Несколько секунд она смотрела ему в глаза – как-то слишком спокойно и задумчиво.
– Хорошо, Паша, присылай своего адвоката. Я подпишу согласие на любые оперативные вмешательства. Пусть у тебя буду красивая я с красивой грудью.
Он не смог придумать остроумный ответ и только кивнул. Где же доктор?
Заверещала кукушка, и Павел начал считать, сколько ему жить осталось. Впрочем, узнать этого он так и не успел, потому что Летта вдруг наклонилась вперед и произнесла тихо и неуверенно:
– У меня тоже есть просьба.
Он сжался. Какое бы изменение она ни попросила, это будет унизительно. Зато можно отказаться. И к черту сиськи – не так уж они ему и встряли. А вот она, судя по лицу, будет просить о чем-то важном.
– Я хочу сделать Паше… точнее, тебе… операцию на сердце и на легкие.
Она все же застала его врасплох.
– Твоя астма и твоя аритмия… С возрастом становится только хуже.
– Ты сдурела? Это все не лечится, уж точно не с помощью операции!
– Да, поэтому я хочу внести изменения в модель ноль-ноль.
– Да. Конечно, больше нельзя будет обновлять версии, потому что тело может не выдержать… Но мне это и не нужно.
– Хорошо меня уже подправила, да? – Он слышал, как ядовито звучит голос, но не мог взять себя в руки. – Кстати, до-ро-гая, меня приступы астмы не беспокоят уже как раз год, так что не хило ты довела своего мужика, судя по всему.
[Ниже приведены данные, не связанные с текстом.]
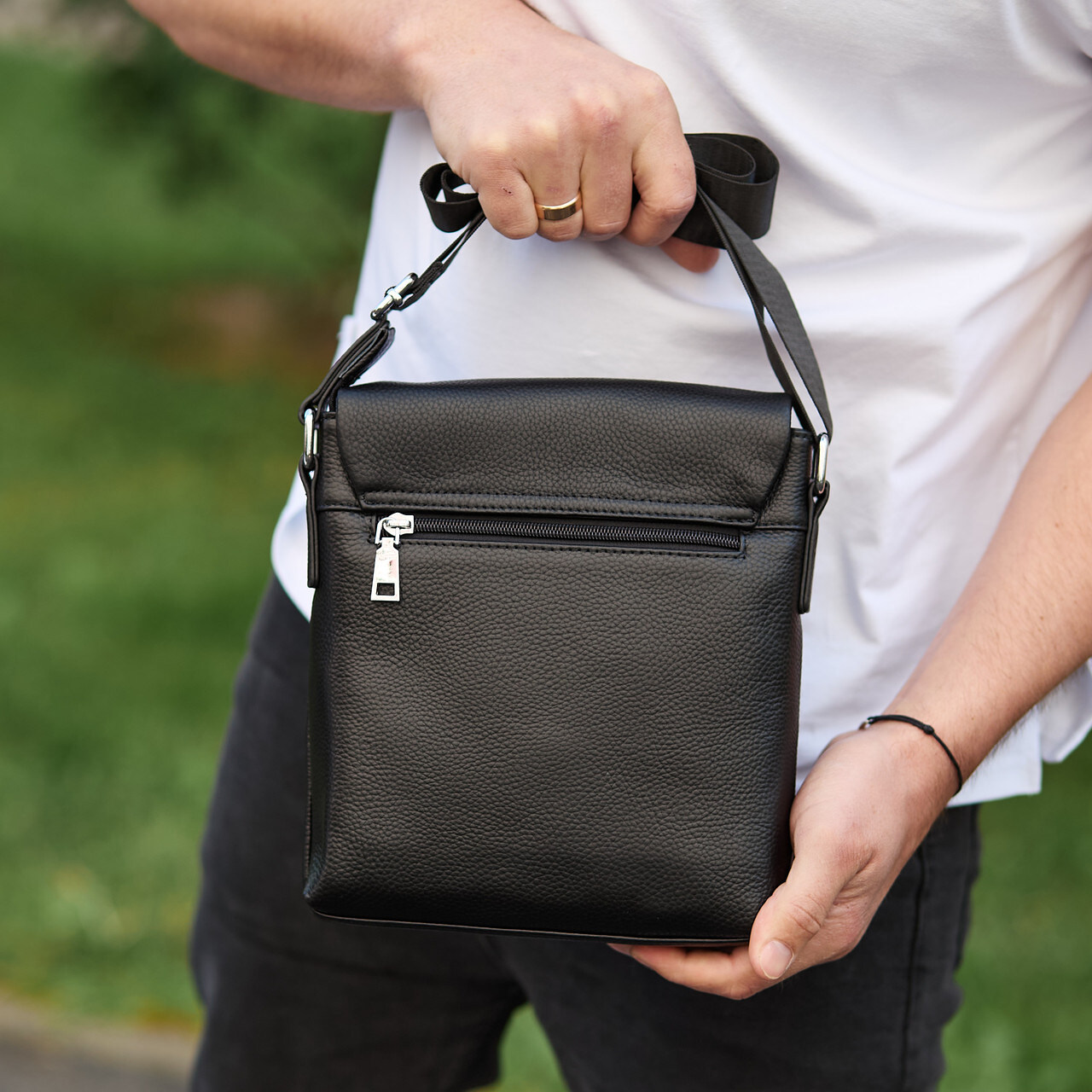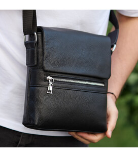 Мужская кожаная сумка через плечо (мессенджер) является очень нужным и практичным аксессуаром для современного мужчины. Эта сумка стильно выглядит, качественно сделана и гармонично подойдет к любому стилю, а благодаря своей форме удобна в использовании. Сумка закрывается на перекидной клапан, под которым находится два основных отделения, закрывающиеся на молнии. Внутри сумки дополнительно есть боковой карман на молнии и два открытых кармана для мелочей. Снаружи под клапаном размещен глубокий открытый карман и карман на молнии. С тыльной стороны - врезной карман на молнии. Подкладка сумки - текстиль. Цвет фурнитуры - серебро. Имеет текстильный регулируемый ремень.

– Речь не о каком-то мужике, а о тебе. Ты правильно сказал: вылечить это никак нельзя, мне жаль, но ты взрослый и можешь следить за своим здоровьем. Паша тоже может, но раз есть вариант избавиться от проблемы раз и навсегда… Почему нет.
Павел весь надулся словами и эмоциями, как воздушный шарик, – они толпились в горле, мешались друг другу и не могли вырваться наружу. Даже воздух заходил с трудом, все натужнее и натужнее. Но она, кажется, не замечала.
– И если тебе интересно, то все изменения я сделала, когда программировали модель ноль-ноль. Потом один раз была небольшая корректировка – и все. Все остальные обновления касались исключительно здоровья. Например, я разобралась с твоим пищевым поведением, убрала некоторые вредные привычки.
Он хмыкнул, глядя на окурок в пепельнице, и прохрипел:
– А твоя новая привычка моим легким не вредит?
Грудь горела. Неужели приступ?
– Да, да, это не хорошо, но я не курю при тебе. То есть… Прости, Паш, я не подумала, сейчас выброшу… В общем, меня в тебе сейчас все устраивает, вот только здоровье...
«Только не приступ, не сейчас!»
– Почему-то у моделей оно слабее, понимаешь. Может, ты и сам это заметил. Мне хотелось бы все исправить, чтобы ему, точнее, тебе было легче, чтобы ты жил дольше, раз есть возможность.
Он больше не мог сдерживаться, открыл рот, вцепился рукой в горло. В глазах потемнело, и Павел отключился.
– Тихо, тихо, все хорошо…
Мягкие колени, тонкие пальцы в его волосах, ласковый голос.
– Да, я здесь, все хорошо. У тебя был приступ, все позади. И с каких это пор ты перестал носить баллончик?! А если бы меня не было рядом?
«Приступа бы не было, правда, дорогая?»
Он открыл глаза и посмотрел на ее близкое лицо. Морщины вокруг глаз, поплывший подбородок, борозда между бровями. Родинка на щеке, сияющий взгляд, теплая улыбка. Летта…
– Значит… Ты хочешь, чтобы он жил… Дольше?
– Но… Мы ведь, вроде… Эта программа… То есть это ведь не навсегда, да?
– Паш, давай позже поговорим, сейчас не время. Ты в любом случае присылай своего адвоката, я разрешу операцию, да и вообще делай, что хочешь….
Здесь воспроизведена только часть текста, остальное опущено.